▸ Task statement: Set down the data again exactly. Pictures are not part of the copy.

[Records from a collection]
- Opening Delimiter -

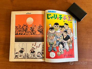 RIVISTA GIAPPONESE WEEKLY MANGA ACTION KAZUO KOIKE LUPIN III MONKEY PUNCH 1979 Originale, molto raro anche in Giappone! Splendido esemplare della rivista cult giapponese Weekly Action (Manga Action) datata 14 giugno 1979 (昭和54年). Un vero pezzo di storia del fumetto nipponico, ideale per chi colleziona le prime apparizioni di serie leggendarie. Caratteristiche principali: Titolo: Weekly Action (週刊漫画アクション) Data di pubblicazione: 14 Giugno 1979 Serie in evidenza: * Lupin III (Shin Lupin III) di Monkey Punch (Capitolo 95, "Gas Kyu-yaku") Jarinko Chie di Etsumi Haruki (con pagine a colori) Kei no Seishun di Kazuo Koike e Goseki Kojima Hakata-kko Junjo di Hosei Hasegawa Contenuti extra: Include illustrazioni a colori, pubblicità dell'epoca (tra cui una curiosa pagina dedicata a Superman) e lo stile grafico inconfondibile degli anni '70. Condizioni come in foto Disponibili anche molti altri articoli di Lupin III e Monkey Punch originali giapponesi nelle mie altre inserzioni Per qualsiasi informazione o ulteriore foto non esitate a contattarmi!!
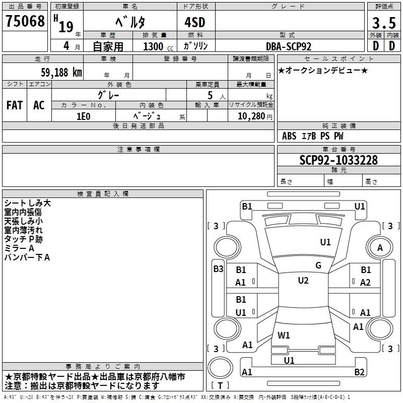 TOYOTA BELTA - лот 75068
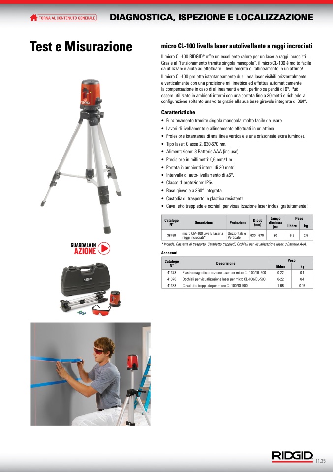 * Include: Cassetta di trasporto, Cavalletto treppiedi, Occhiali per visualizzazione laser, 3 Batterie AAA.
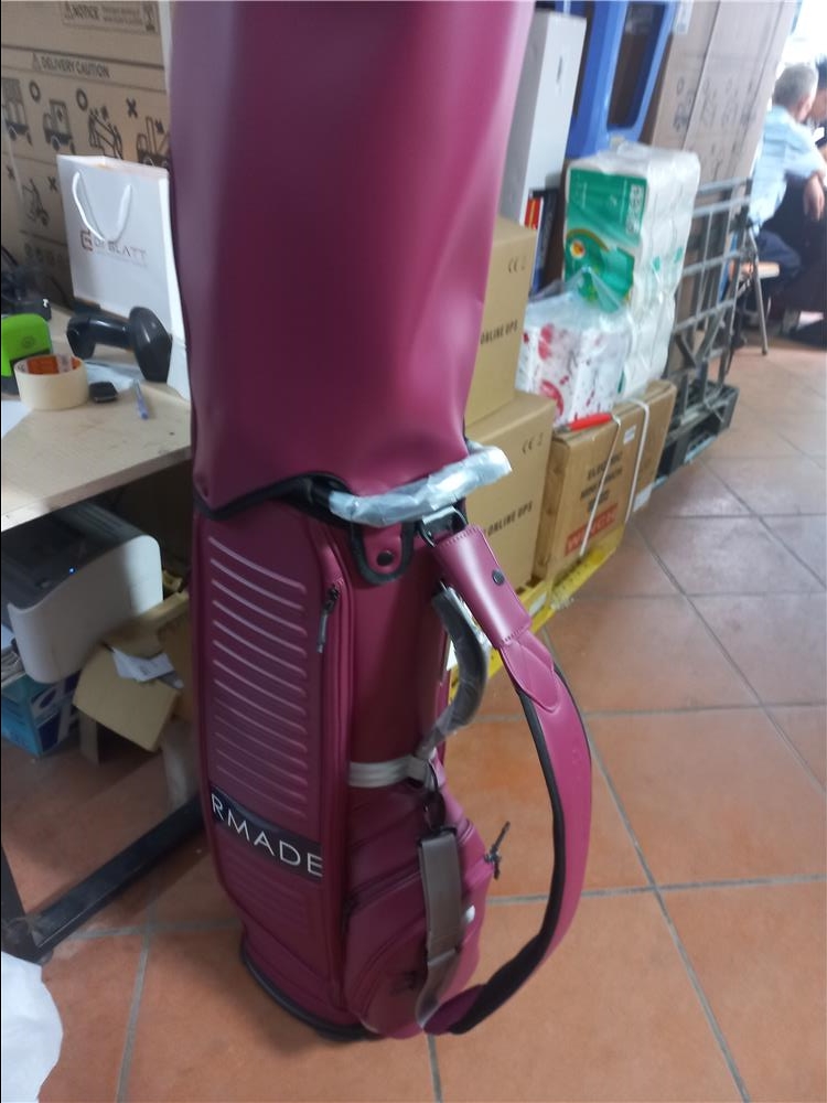 Form túi đứng, cứng cáp, không bị nghiêng đổ. Túi golf được làm từ da tổng hợp chống thấm nước, bền, dễ vệ sinh, đường may bền chắc.
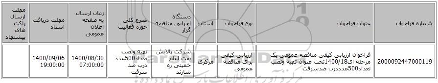 مناقصه، فراخوان ارزیابی کیفی مناقصه عمومی یک مرحله ای1400/18تحت عنوان تهیه ونصب تعداد500عدددرب ضدسرقت از کلیه افراد متخصص و شرکت‌ها واجد شرایط دعوت به عمل می‌آید در مناقصه با کد خبرگزاری پارس نماد: 3974339 شرکت نمایند. این مناقصه در تاریخ 1400/08/30 شروع و مهلت آن تا تاریخ 1400/09/06 میباشد.
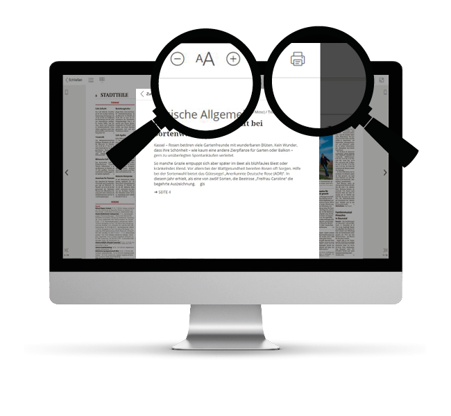 Innerhalb der Artikelansicht können Sie über die Regler die Schriftgröße nach Ihren Wünschen ändern und den ausgewählten Artikel drucken.
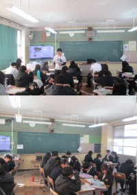 1年4組の4限目の授業は理科でした。単元名は「脊椎動物の特徴と分類」で今日の授業ではタブレットの発表ノートを活用し、自分が調べた動物の特徴をみんなの前で発表しました。子どもたちはエイ・コウモリ・カモノハシなど特徴のある動物を調べ、発表しました。子どもたちは友達の発表を興味深そうに聞いていました。
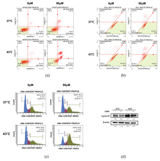 Cell cycle arrest is closely related to the induction of apoptosis; thus, it is frequently used as the therapeutic target of anticancer agents [23]. To investigate whether cell cycle arrest also occurs in the action mechanism of CNM and hyperthermia combination treatment, flow cytometry analyses were carried out. As shown in Figure 4a, CNM treatment accompanied by 43 °C hyperthermia clearly increased the Annexin V-associated apoptotic profile of ACHN cells when compared to either sole treatment of 43 °C hyperthermia or the combination of CNM and 37 °C normothermia. Mitochondrial membrane potential changes have been implicated in apoptosis, as depolarization of the inner mitochondrial membrane potential is a reliable indicator of cellular health [24]. Therefore, we analyzed the changes of the mitochondrial membrane potential in ACHN cells. The results suggested that the combination treatment with CNM and 43 °C hyperthermia showed a drastic change in the dead cell count than the 37 °C co-treatment (30.50% vs. 12.35%) consistent with the Annexin V staining results (Figure 4b). Next, we analyzed the profile change of the cell cycle in cells treated with CNM and hyperthermia. As in Figure 4c,d, results indicated cell cycle arrest was induced at the G2/M phase by co-treatment of CNM and 43 °C hyperthermia, and this was due to a decrease in Cyclin B1, the key regulator of cellular mitosis [25].

- Closing Delimiter -

▸ Result of this exercise:
 RIVISTA GIAPPONESE WEEKLY MANGA ACTION KAZUO KOIKE LUPIN III MONKEY PUNCH 1979 Originale, molto raro anche in Giappone! Splendido esemplare della rivista cult giapponese Weekly Action (Manga Action) datata 14 giugno 1979 (昭和54年). Un vero pezzo di storia del fumetto nipponico, ideale per chi colleziona le prime apparizioni di serie leggendarie. Caratteristiche principali: Titolo: Weekly Action (週刊漫画アクション) Data di pubblicazione: 14 Giugno 1979 Serie in evidenza: * Lupin III (Shin Lupin III) di Monkey Punch (Capitolo 95, "Gas Kyu-yaku") Jarinko Chie di Etsumi Haruki (con pagine a colori) Kei no Seishun di Kazuo Koike e Goseki Kojima Hakata-kko Junjo di Hosei Hasegawa Contenuti extra: Include illustrazioni a colori, pubblicità dell'epoca (tra cui una curiosa pagina dedicata a Superman) e lo stile grafico inconfondibile degli anni '70. Condizioni come in foto Disponibili anche molti altri articoli di Lupin III e Monkey Punch originali giapponesi nelle mie altre inserzioni Per qualsiasi informazione o ulteriore foto non esitate a contattarmi!!
 TOYOTA BELTA - лот 75068
 * Include: Cassetta di trasporto, Cavalletto treppiedi, Occhiali per visualizzazione laser, 3 Batterie AAA.
 Form túi đứng, cứng cáp, không bị nghiêng đổ. Túi golf được làm từ da tổng hợp chống thấm nước, bền, dễ vệ sinh, đường may bền chắc.
 مناقصه، فراخوان ارزیابی کیفی مناقصه عمومی یک مرحله ای1400/18تحت عنوان تهیه ونصب تعداد500عدددرب ضدسرقت از کلیه افراد متخصص و شرکت‌ها واجد شرایط دعوت به عمل می‌آید در مناقصه با کد خبرگزاری پارس نماد: 3974339 شرکت نمایند. این مناقصه در تاریخ 1400/08/30 شروع و مهلت آن تا تاریخ 1400/09/06 میباشد.
 Innerhalb der Artikelansicht können Sie über die Regler die Schriftgröße nach Ihren Wünschen ändern und den ausgewählten Artikel drucken.
 1年4組の4限目の授業は理科でした。単元名は「脊椎動物の特徴と分類」で今日の授業ではタブレットの発表ノートを活用し、自分が調べた動物の特徴をみんなの前で発表しました。子どもたちはエイ・コウモリ・カモノハシなど特徴のある動物を調べ、発表しました。子どもたちは友達の発表を興味深そうに聞いていました。
 Cell cycle arrest is closely related to the induction of apoptosis; thus, it is frequently used as the therapeutic target of anticancer agents [23]. To investigate whether cell cycle arrest also occurs in the action mechanism of CNM and hyperthermia combination treatment, flow cytometry analyses were carried out. As shown in Figure 4a, CNM treatment accompanied by 43 °C hyperthermia clearly increased the Annexin V-associated apoptotic profile of ACHN cells when compared to either sole treatment of 43 °C hyperthermia or the combination of CNM and 37 °C normothermia. Mitochondrial membrane potential changes have been implicated in apoptosis, as depolarization of the inner mitochondrial membrane potential is a reliable indicator of cellular health [24]. Therefore, we analyzed the changes of the mitochondrial membrane potential in ACHN cells. The results suggested that the combination treatment with CNM and 43 °C hyperthermia showed a drastic change in the dead cell count than the 37 °C co-treatment (30.50% vs. 12.35%) consistent with the Annexin V staining results (Figure 4b). Next, we analyzed the profile change of the cell cycle in cells treated with CNM and hyperthermia. As in Figure 4c,d, results indicated cell cycle arrest was induced at the G2/M phase by co-treatment of CNM and 43 °C hyperthermia, and this was due to a decrease in Cyclin B1, the key regulator of cellular mitosis [25].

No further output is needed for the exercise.